The LIR and MER motifs are required for BNIP3-mediated mitochondrial clearance

(A) Schematics of Drosophila BNIP3 and its mutants. (B) GFP pulldown experiment between GFP-BNIP3 and HA-Atg18a in S2 cells. (C) The structure of the BNIP3-Atg18a complex predicted by AlphaFold 3. Top, overview: Atg18a is depicted in white, featuring a β-propeller structure consisting of seven blades, with blades 2 and 3 highlighted in green and pink, respectively. For BNIP3, only residues 29–74 are shown in blue for clarity, with the α-helix spanning residues 42–53 highlighted in yellow. Bottom, close-up view: Amino acids positioned to form intramolecular contacts through their side chains are labeled and represented as sticks, with potential hydrogen bonds shown as dashed lines. (D and D’) BNIP3 rescue experiment in DIOMs at 4 d APF. The indicated GFP-tagged BNIP3 constructs and tdTomato-Mito were co-expressed in BNIP3 KO flies using the GAL4/UAS system (D).
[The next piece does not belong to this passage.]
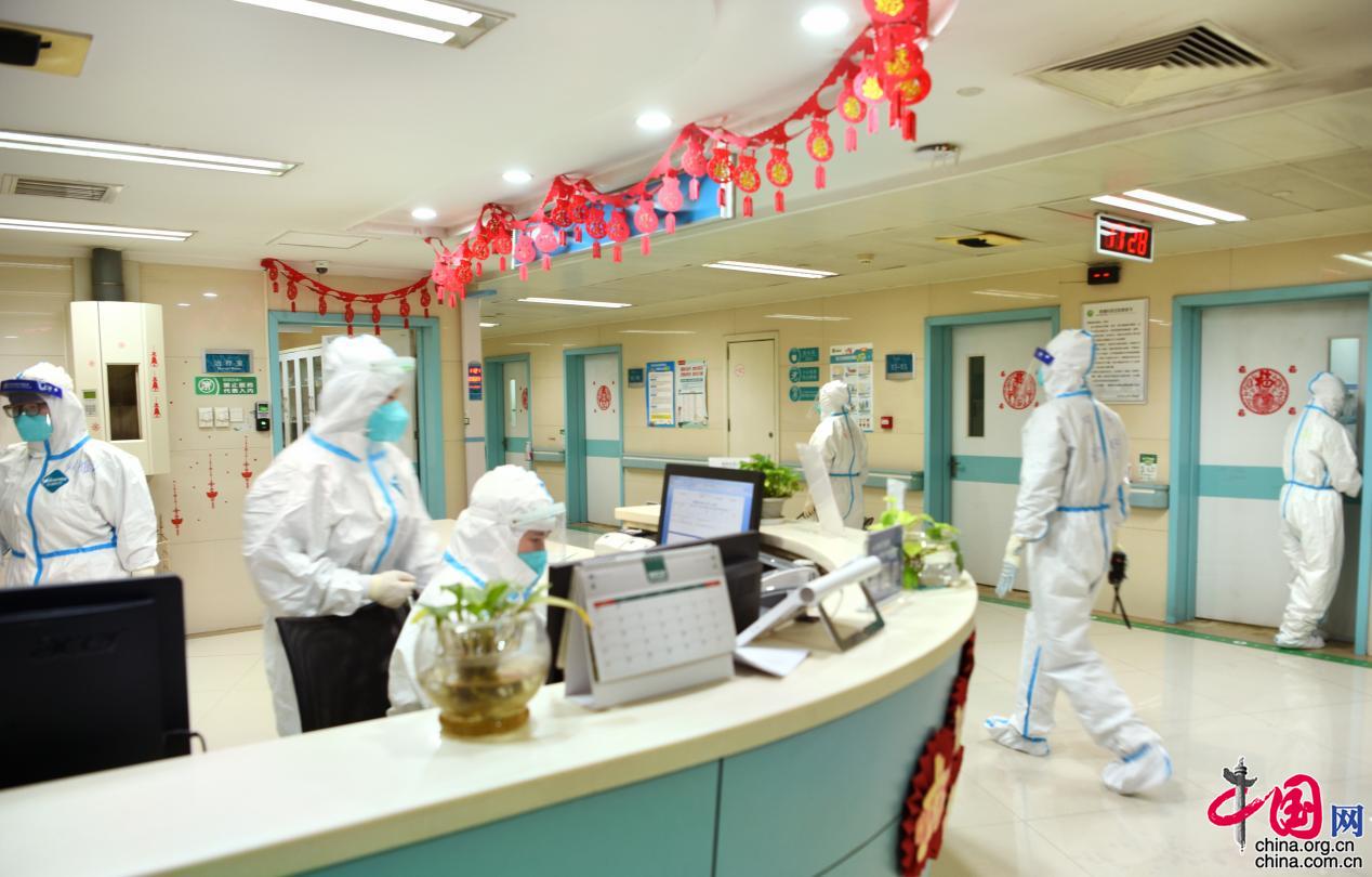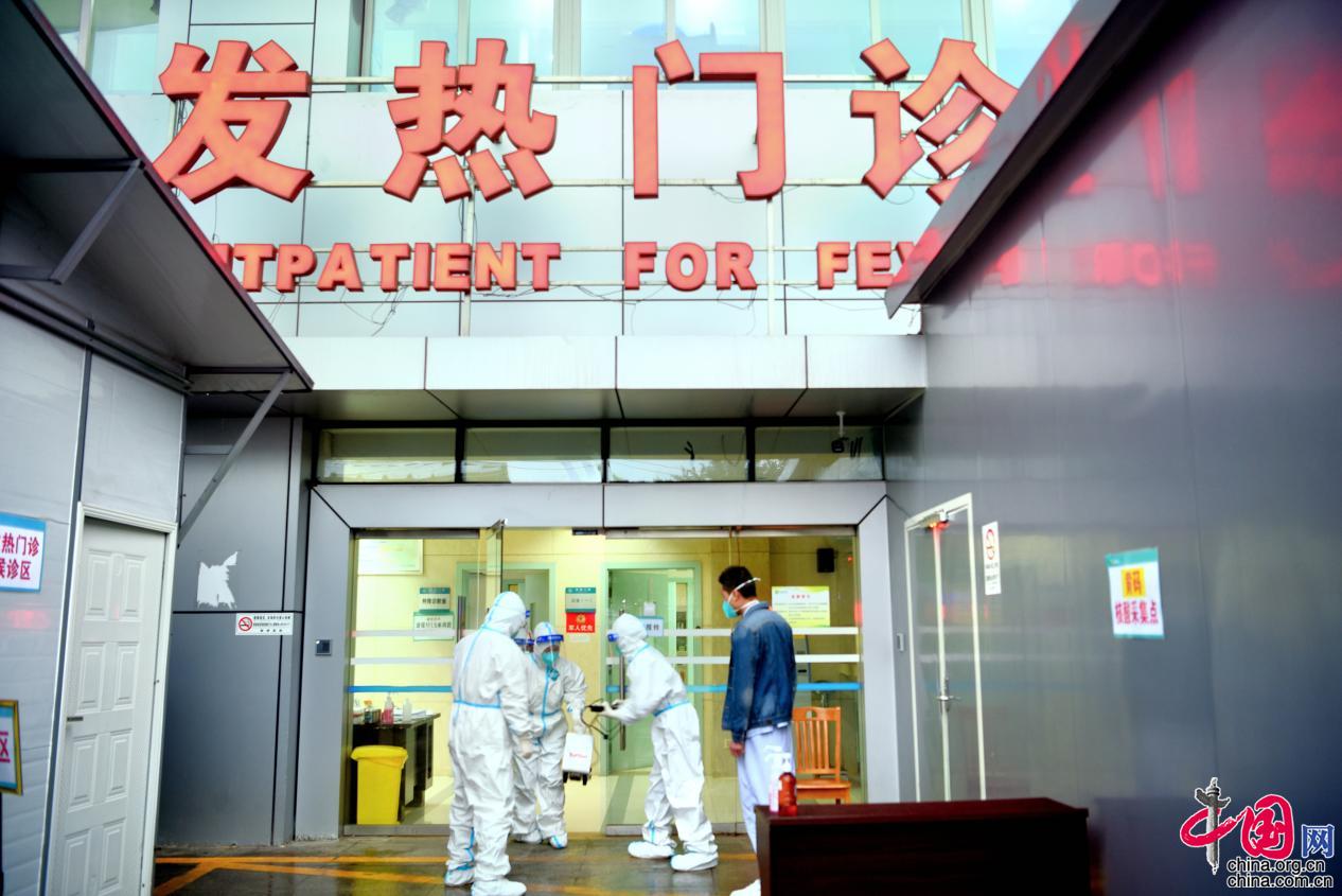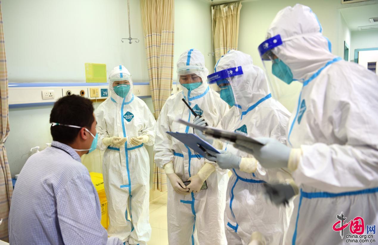 全副武装工作人员前往隔离病房对密接者展开流调。曾理/摄

A minimum of 50 DIOMs were imaged for quantification (D’). (E) The amount of GFP-BNIP3 in WT and Atg101 KO muscles. The GFP-BNIP3 constructs were expressed by Mef2-GAL4 in WT or Atg101 KO flies. Larval fillets were lysed and subjected to western blotting for GFP.
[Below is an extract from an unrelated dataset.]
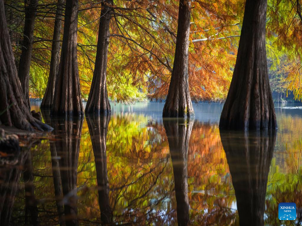 An aerial drone photo taken on Nov. 14, 2025 shows people enjoying their time in Nanjing, east China's Jiangsu Province. (Photo by Liu Jianhua/Xinhua)

BNIP3-mediated mitophagy eliminates larval muscle mitochondria during muscle remodeling

(A and A’) Time course microscopy of Mito-GFP and F-actin in control or BNIP3 KO during DIOM remodeling (A). Mitochondria area per total cell area. For 3IL, control, N = 18; BNIP3 KO, N = 17. For 1 d APF, control, N = 20; BNIP3 KO, N= 18 (Mann-Whitney test) (A’). (B) Mitophagy assay using Mito-QC in DIOMs at 1 d APF. Pixel intensity correlation profiles and Spearman’s correlation coefficients (R values) are shown. (C, D, and D’) Scheme of the use of GAL80 temperature-sensitive mutants (GAL80ts). The animals were raised at 29°C (Restrictive) to induce Mito-GFP expression until mid-3IL, then shifted to 18°C (Permissive) to block expression (C). Mito-GFP and ATP5A immunostaining (total mitochondria) signals in muscles at 3IL or 4 d APF (D). Mito-GFP intensities in muscles at each time point normalized to control (set to 1). For 3IL, control, N = 16; BNIP3 KO, N = 15. For 1 d APF, control, N = 15; BNIP3 KO, N= 15 (Mann-Whitney test) (D’). (E) A model of muscle remodeling with or without BNIP3. Loss of BNIP3 leads to mitochondrial accumulation, which disrupts muscle remodeling.